═══ DATA SUPPLIED ═══

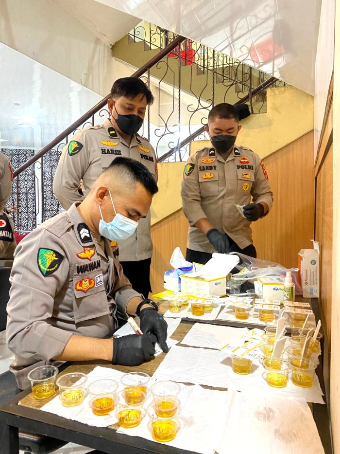 Setelah pelaksanaan apel pagi rutin, seluruh personel langsung diarahkan untuk menjalani tes sampel urine. Langkah ini bertujuan untuk memastikan tidak satupun personel yang terdeteksi menggunakan zat adiktif berbahaya.
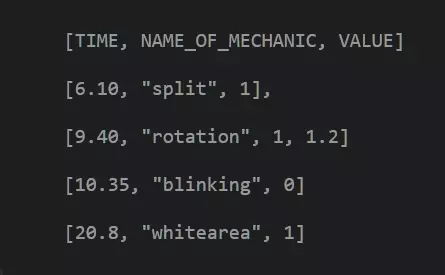 该行代码用于告知游戏在5.90秒时激活分离机制。你需要知道,【1】表示激活,【0】表示停用。激活/停用机制的命令结构非常相似:
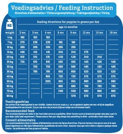 Introduceer deze voeding geleidelijk over een periode van 7 dagen om spijsverteringsproblemen te voorkomen. Zorg dat je pup altijd toegang heeft tot vers drinkwater. Bewaar het voer op een koele, droge plaats.
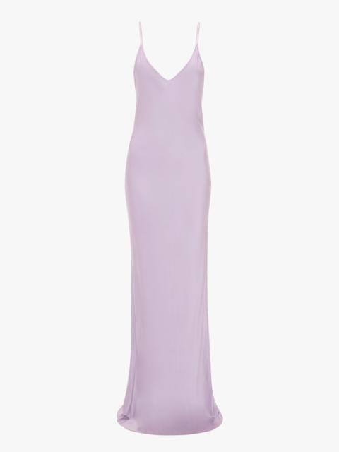 Referencing Victoria’s favourite style decade, this 1990s-inspired camisole-slip dress is crafted from fluid crepe back satin for a sensual lightweight feel. Cut on the bias for a figure-flattering drape, it has a scooped deep-V at the back with horizontal strap for a provocative point of interest and a godet insert and mini train. Presented in a subdued shade of Ice, it deftly reimagines nineties retro glamour. Size & Fit - Fits true to size, take your regular size - The model height is 5’11’’/ 180cm and is wearing a size 6 Product Details - Floor length - Deep v-neck with a scooped back - Low back - Bias cut - Back horizontal strap - Back godet skirt deail - Mini train - 71% Acetate 29% Viscose - Dry clean only - Made in UK
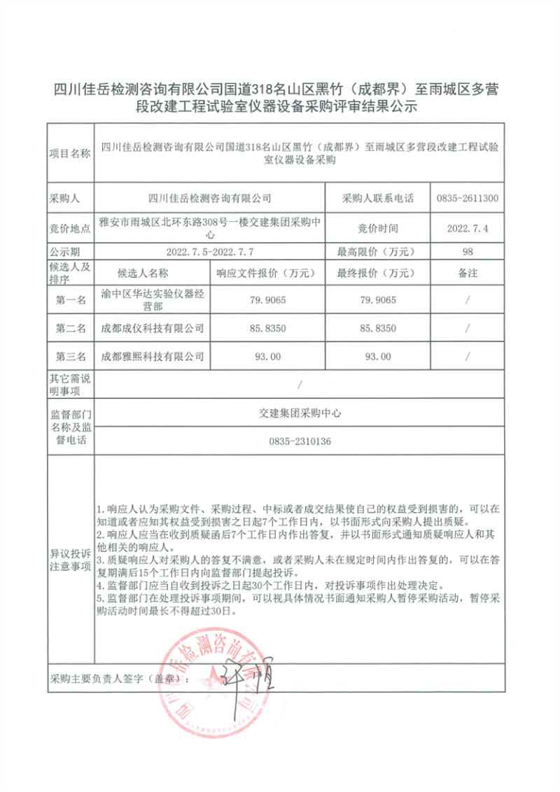 四川佳岳檢測咨詢有限公司國道318名山區(qū)黑竹(成都界)至雨城區(qū)多營段改建工程試驗室儀器設(shè)備采購評審結(jié)果公示

═══

Begin at the line containing "Introduceer deze voeding" and extract every line through the end of the records, inclusive, exactly and only; omit pictures.

RESPONSE ->
 Introduceer deze voeding geleidelijk over een periode van 7 dagen om spijsverteringsproblemen te voorkomen. Zorg dat je pup altijd toegang heeft tot vers drinkwater. Bewaar het voer op een koele, droge plaats.
 Referencing Victoria’s favourite style decade, this 1990s-inspired camisole-slip dress is crafted from fluid crepe back satin for a sensual lightweight feel. Cut on the bias for a figure-flattering drape, it has a scooped deep-V at the back with horizontal strap for a provocative point of interest and a godet insert and mini train. Presented in a subdued shade of Ice, it deftly reimagines nineties retro glamour. Size & Fit - Fits true to size, take your regular size - The model height is 5’11’’/ 180cm and is wearing a size 6 Product Details - Floor length - Deep v-neck with a scooped back - Low back - Bias cut - Back horizontal strap - Back godet skirt deail - Mini train - 71% Acetate 29% Viscose - Dry clean only - Made in UK
 四川佳岳檢測咨詢有限公司國道318名山區(qū)黑竹(成都界)至雨城區(qū)多營段改建工程試驗室儀器設(shè)備采購評審結(jié)果公示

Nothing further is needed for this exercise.